I recently published an essay at In These Times about Newsies, my all-time favorite movie. The essay was born out of my inability to stop analyzing the Broadway show based on the movie after I saw it last summer. While I appreciate In These Times’ willingness to publish an essay about a twenty-three-year-old movie, they unsurprisingly had to cut a lot from the original three-thousand-word draft I put together. (Okay, I cut it before sending it to them to save them the trouble.)

However, there was one facet of my analysis I think was actually harmed in the cutting: a rumination on the way the musical form acts as a critique of capitalist logistics. As a result, I’m including the extended version below. This is also a chance to give the Broadway version—which in most ways is far worse than the film—its due.


One area in which the Broadway version exceeds the film, however, stems from another aspect of Newsies’ musical-ness: its dynamism. While the film is filled with large group dances and impressively ornate numbers, the stage version adds in mobile sets that whirl along with the dancers. The cast spin giant scaffoldings, dart between them, climb them as they move, slide past them, all while other cast members jump, spin, and flip their way through intricately arranged choreography. The movement of bodies and machinery is simply astounding.

In this, Newsies mirrors a fact of capitalism as obvious as the musical-ness of Newsies: logistics. The sheer movement of goods across global networks and supply chains that keep the capitalist economy running, seemingly endlessly and perfectly, is essential to capitalism, to the way the Western world is caught in the swirl of consumer goods. People rightly complain about the way wealthy Westerners find it easier to buy paper goods shipped from Indonesia and discarded into an ecosystem of trash that is then moved across the globe to unseen landfills than it is to wash their own plate, but the fact that capitalism is able make this seem easier is a crucial fact about the way it operates.

Of course, while capital is able to dazzle, making it seem as though it operates in a perfect system of logistical distribution, reality is otherwise. Actual distribution of goods is far more chaotic, far less perfect, far more unjust: some starve while others can’t consume their food before it spoils.

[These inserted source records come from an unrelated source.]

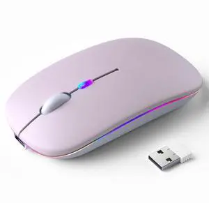Wireless Bluetooth Mouse  Rechargeable, Silent, Dual Mode (Bluetooth 5.2 & USB) with LED Lights  Portable for Laptop, Desktop, & Tablet(Pink)
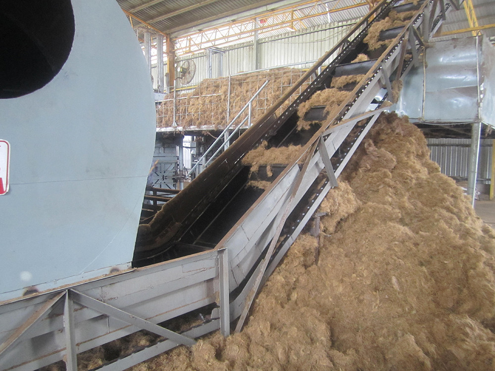 主要工作原理是:棕榈丝进入棕榈丝烘干机内由组合料板与回转筒体共同作用,物料在筒内沸腾流化,热风与物料充分触,完成干燥。
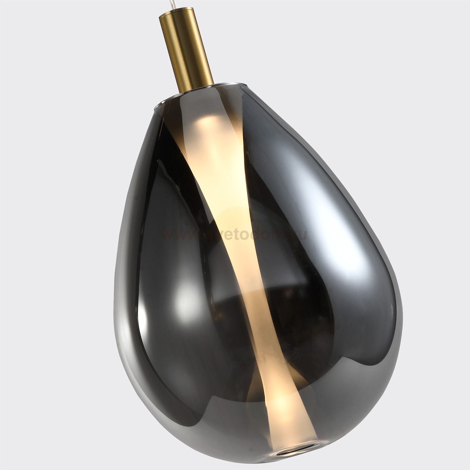 Подвес с декоративным элементом цвета латунь в центре, плафон дымчато-серого цвета подсвечивается изнутри светодиодным источником света, регулируемая Серия
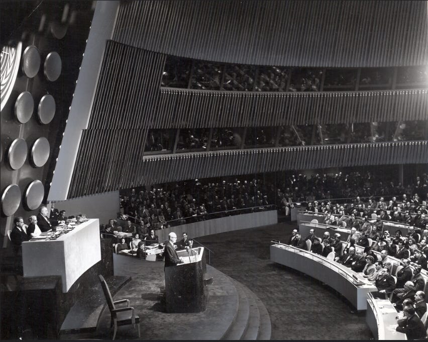 By 1953, Eisenhower realized that Truman’s strategy of “kicking away the ladder” from the 1946 Atomic Energy Act was failing. In a speech at the United Nations called “Atoms for Peace”, he proposed that nuclear technology should be shared internationally for civilian purposes like electricity and medicine.
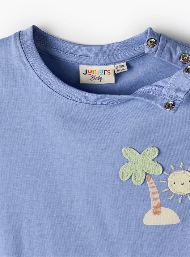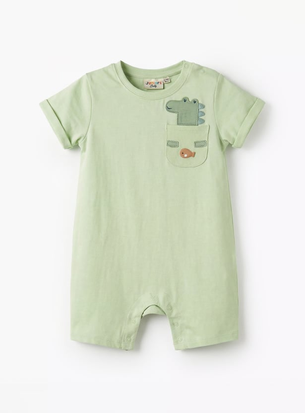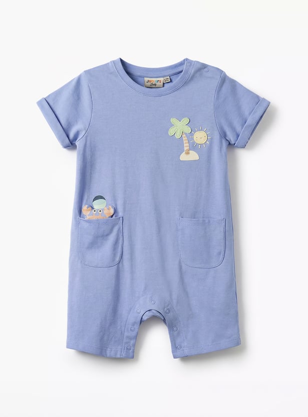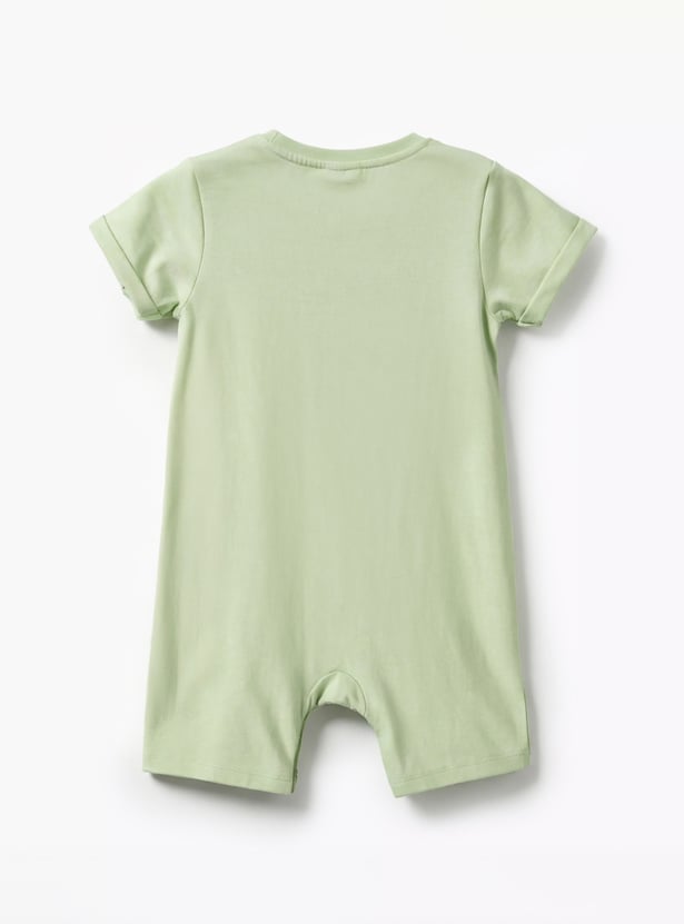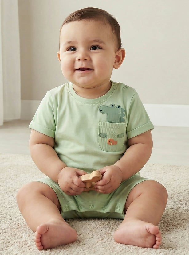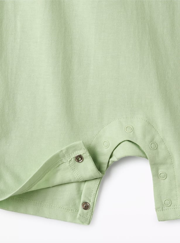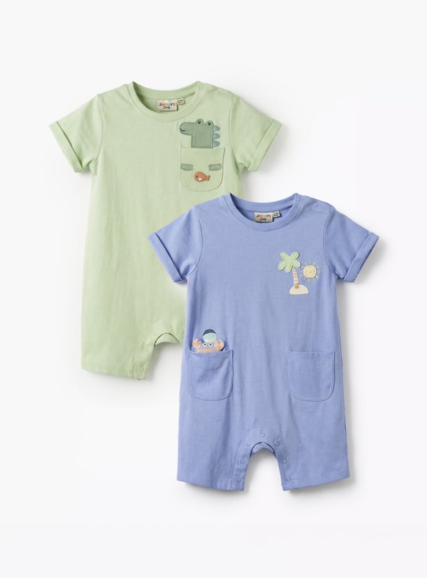 Dress your little one in comfort and charm with this delightful set of two baby rompers, perfect for everyday wear. The convenient snap button closure facilitates easy nappy changes, making these rompers a practical addition. These short-sleeve rompers are made with soft fabric, offering both style and ease for infants.
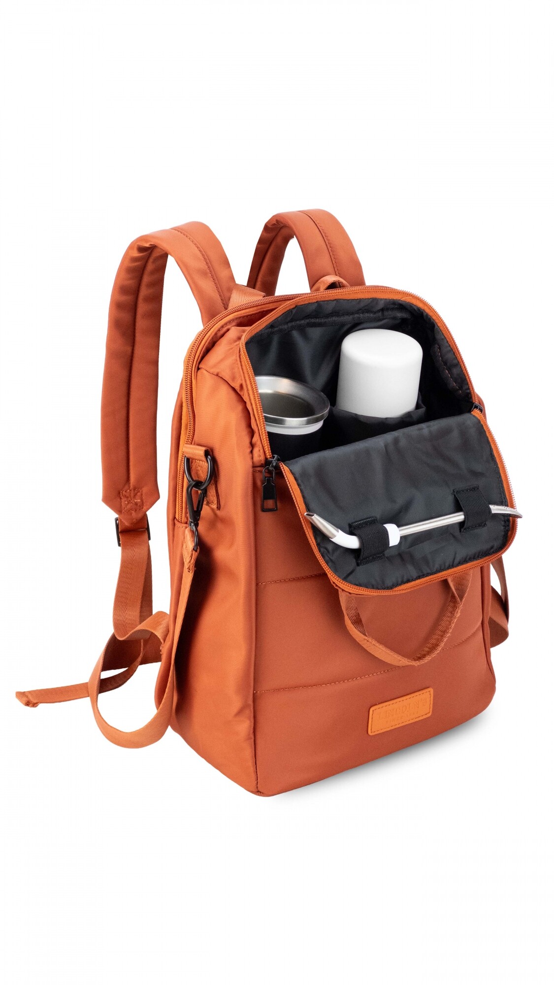 Matera mochila en tela impermeable. Cuenta con dos compartimientos: uno para llevar tu kit matero y el otro para objetos personales. Bolsillos internos y a demás de las asas de mochila cuenta un asa de mano y correa ajustable de colgar. Practica y cómoda.
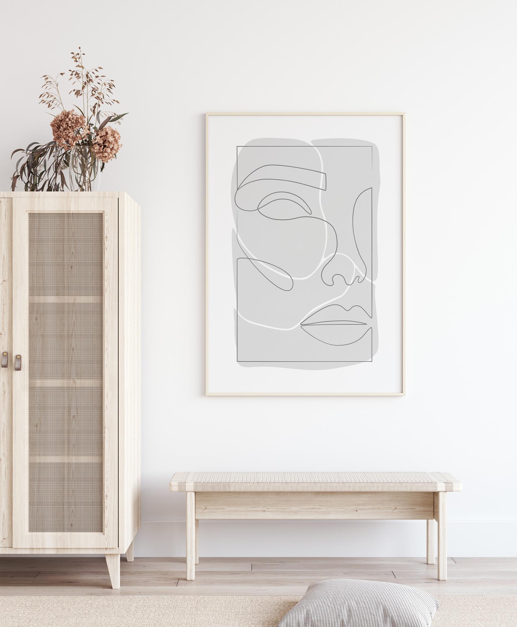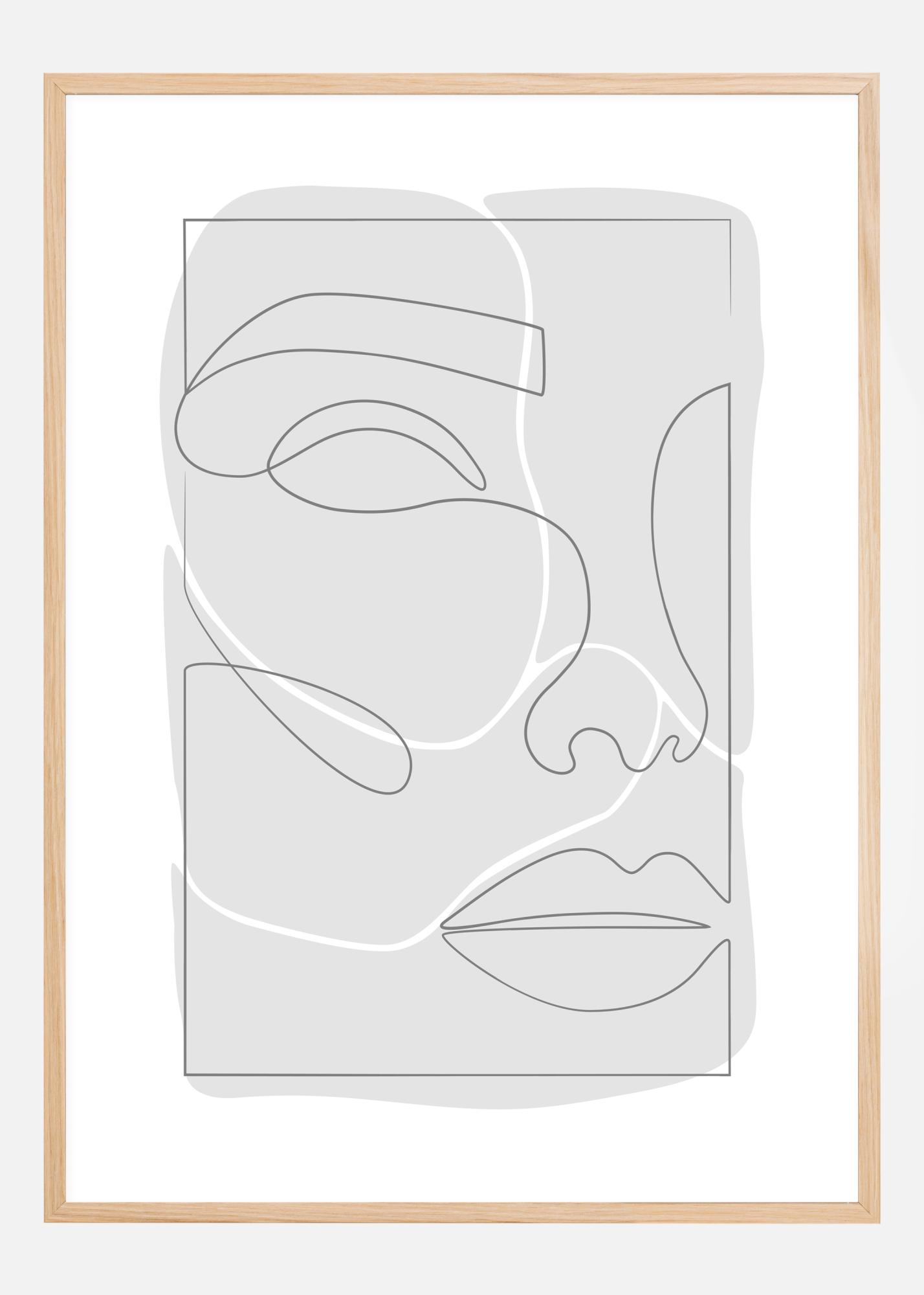 A beautiful poster of a female face. Drawn on a grey background, the single line drawing in black, outlines the woman's nose, lips, eye and eyebrows. To add a touch of white to this beautiful print, a touch of white has been added by highlighting the woman's eye and cheek. A beautiful print for any woman.
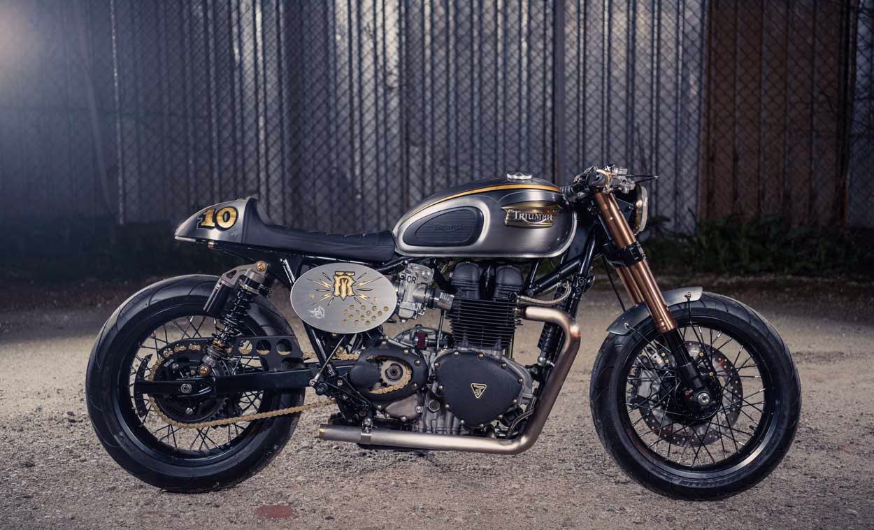 The result is the El Matador 2, based on an earlier Triumph build, the ‘El Matador’, which is a very pretty 1972 650cc Bonneville Bobber, finished in brass and clear coated metal. Not wanting to build a carbon copy of the El Matador, Tony decided to rework it Cafe Racer style, and using the more up to date Hinckley Twin.
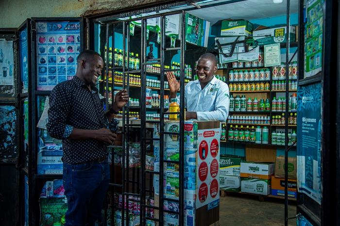 A young agro-dealer engages with a smallholder farmer in Uganda
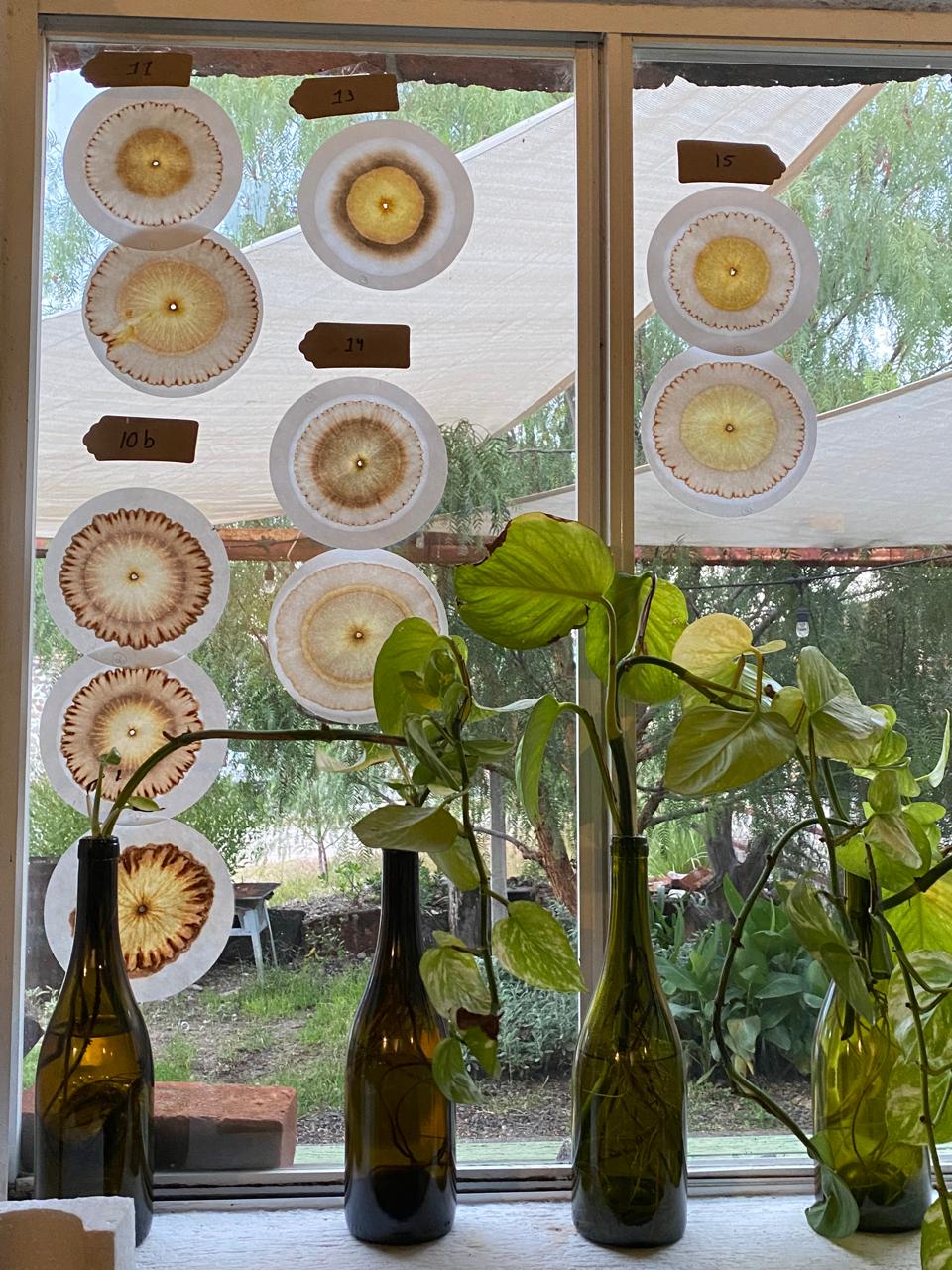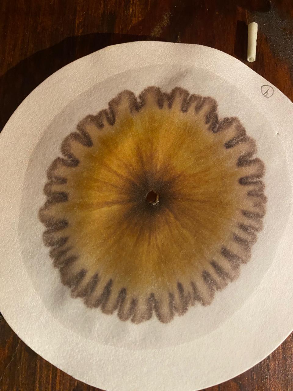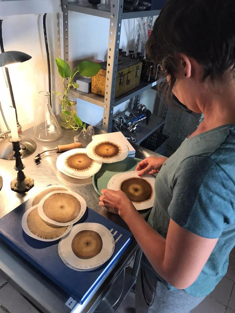 Con un poco de consciencia frente a la inmensa parte que aún desconocemos, se han logrado tantos avances científicos y metodológicos. Entre ellos, esta maravillosa técnica: La cromatografía. Dejar que una disolución de materia orgánica se expanda en un papel sensible, reaccionando con otra sustancia fotosensible, para manifestarse en gradientes de color según la densidad de sus moléculas. A través de este gesto, podemos intentar descifrar lo innombrable: las relaciones, los tejidos, el código que crea al bicho, al olor, al sabor, al mineral, a la proteína y su condición.
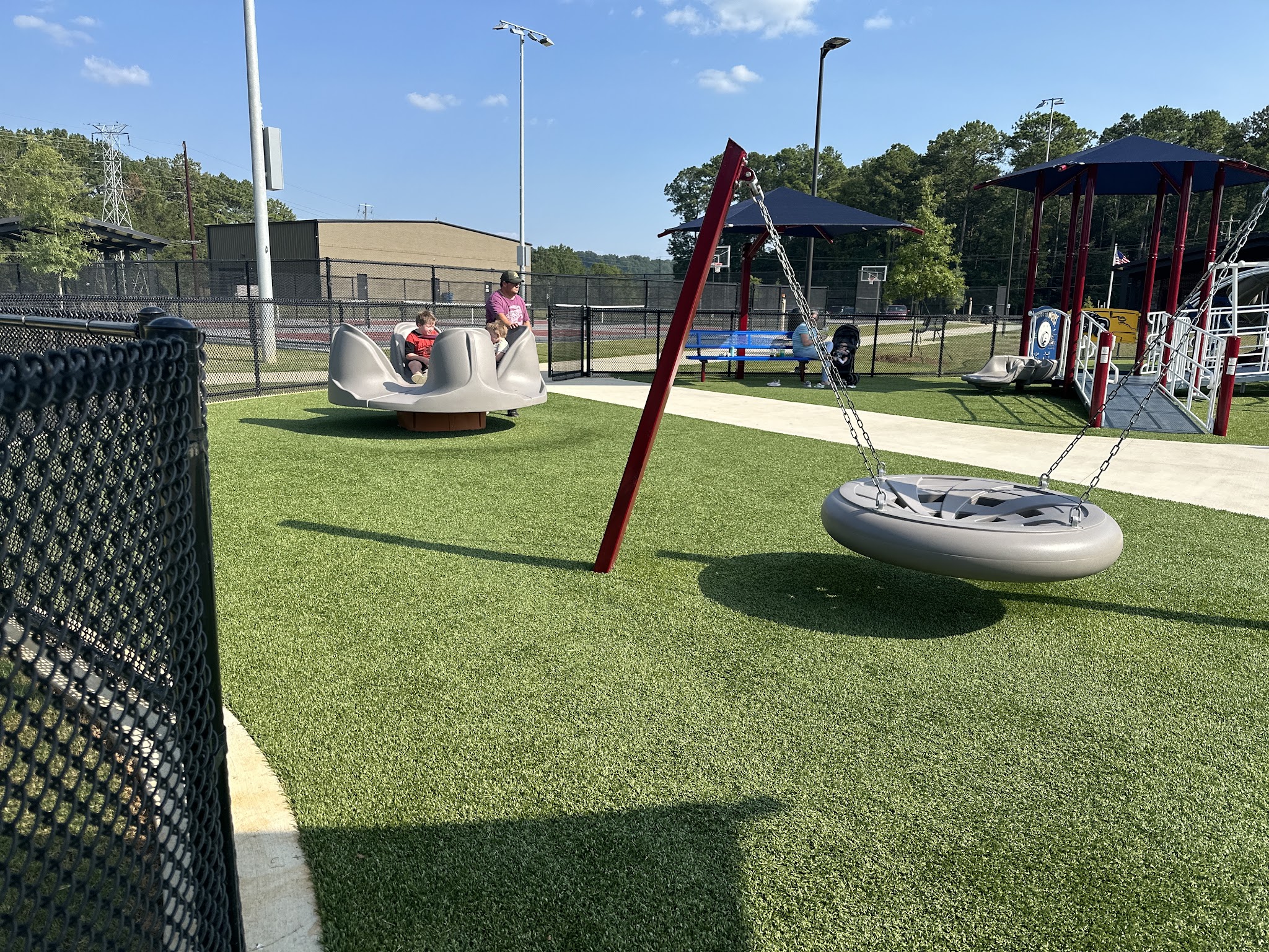 Patriot Park caters to families with a variety of recreational amenities. The playground features slides and swings that delight children, while basketball courts provide opportunities for active recreation. Picnic tables are scattered throughout the grounds, making it an ideal spot for family gatherings and outdoor meals. The park welcomes dogs and service animals, allowing pet owners to enjoy the space with their companions. Public restrooms are available for visitor convenience, and the overall accessibility features ensure that everyone can comfortably spend time here.
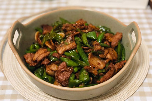 4、倒入辣椒,翻炒讓辣椒充分的吸收炒肉的湯汁,調(diào)入適量鹽和雞精即可。
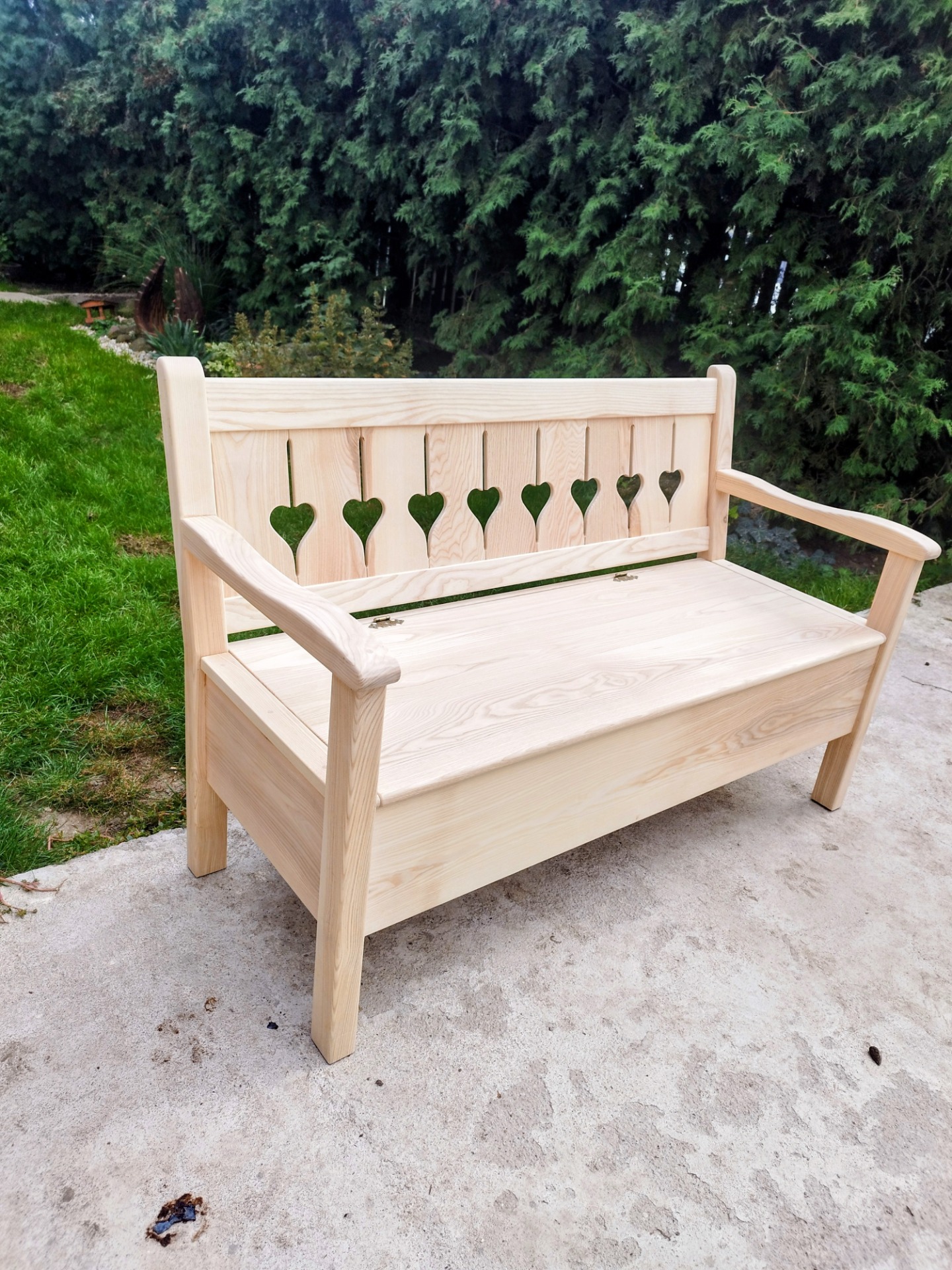 Okrem tejto verzie s úložným priestorom vyrábam aj lavičky Srdiečko bez úložného priestoru – pre tých, ktorí preferujú klasický, jednoduchý dizajn.

Through its focus on the dynamic movement of bodies, Newsies helpfully alludes to this fault of capitalism. It also reverses the focus. It’s not capital depicted as the engine of dynamism, but the striking newspaper boys. I cannot say how many times I saw the film before I realized that it’s only the underclass and their allies (a vaudeville star and the reporter Denton) who sing and dance. The agents of capital show none of that liveliness. (Pulitzer does sing in the Broadway version, again muddying the effect.)

By giving the working class this extra-ordinary voice, Newsies is able to subtly demonstrate that it’s the very ones suffering from capitalism’s logistical failures, and not “job creators,” who are the engine of capitalist development. Such a focus also allows the characters to voice their complaints about capitalist order in a kind of speech that rises above everyday complaints. In doing so, it destroys the false acceptance we have of inequality as inherent in life, masked by terms like natural unemployment. (Given this thread weaved throughout the plot and undergirding the musical numbers, I couldn’t help but think of the stage hands, Broadway’s underclass, when I saw the touring show—the work required to operate those sets was far more compelling than any of the solos.)